# Information supplied:
....
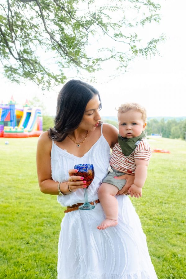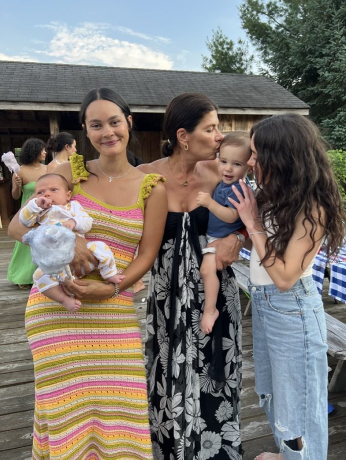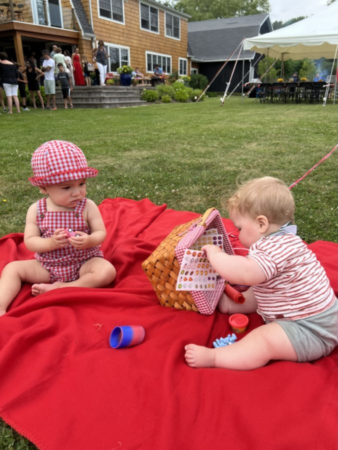 Caroline and Liam. Caroline is wearing the dress and belt that I wore ldaughter’sor Rory’s baby shower. I love that all my clothes have a second lShe’snd can be re-worn by myself, my daughter, and my friends.
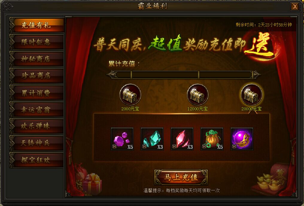 霸业福利,豪礼相赠! 1. 充值有礼活动时间:2018年3月28日0点——3月30日23:59活动期间,充值元宝即可领取三档丰厚奖励,每天均可领取一次,不容错过! ...
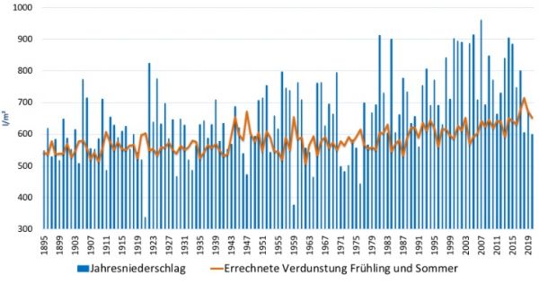 Die folgende Grafik zeigt den Jahresniederschlag und die errechnete Verdunstung im Frühling im Sommer im Zeitraum 1895 bis 2019 - exemplarisch für das Rheinland. Auffällig sind die steigenden Verdunstungsraten, verursacht durch steigende Lufttemperaturen.
....
# Work to complete:
Using the material above, return every line exactly as it appears, minus the pictures.

# Your solution:
 Caroline and Liam. Caroline is wearing the dress and belt that I wore ldaughter’sor Rory’s baby shower. I love that all my clothes have a second lShe’snd can be re-worn by myself, my daughter, and my friends.
 霸业福利,豪礼相赠! 1. 充值有礼活动时间:2018年3月28日0点——3月30日23:59活动期间,充值元宝即可领取三档丰厚奖励,每天均可领取一次,不容错过! ...
 Die folgende Grafik zeigt den Jahresniederschlag und die errechnete Verdunstung im Frühling im Sommer im Zeitraum 1895 bis 2019 - exemplarisch für das Rheinland. Auffällig sind die steigenden Verdunstungsraten, verursacht durch steigende Lufttemperaturen.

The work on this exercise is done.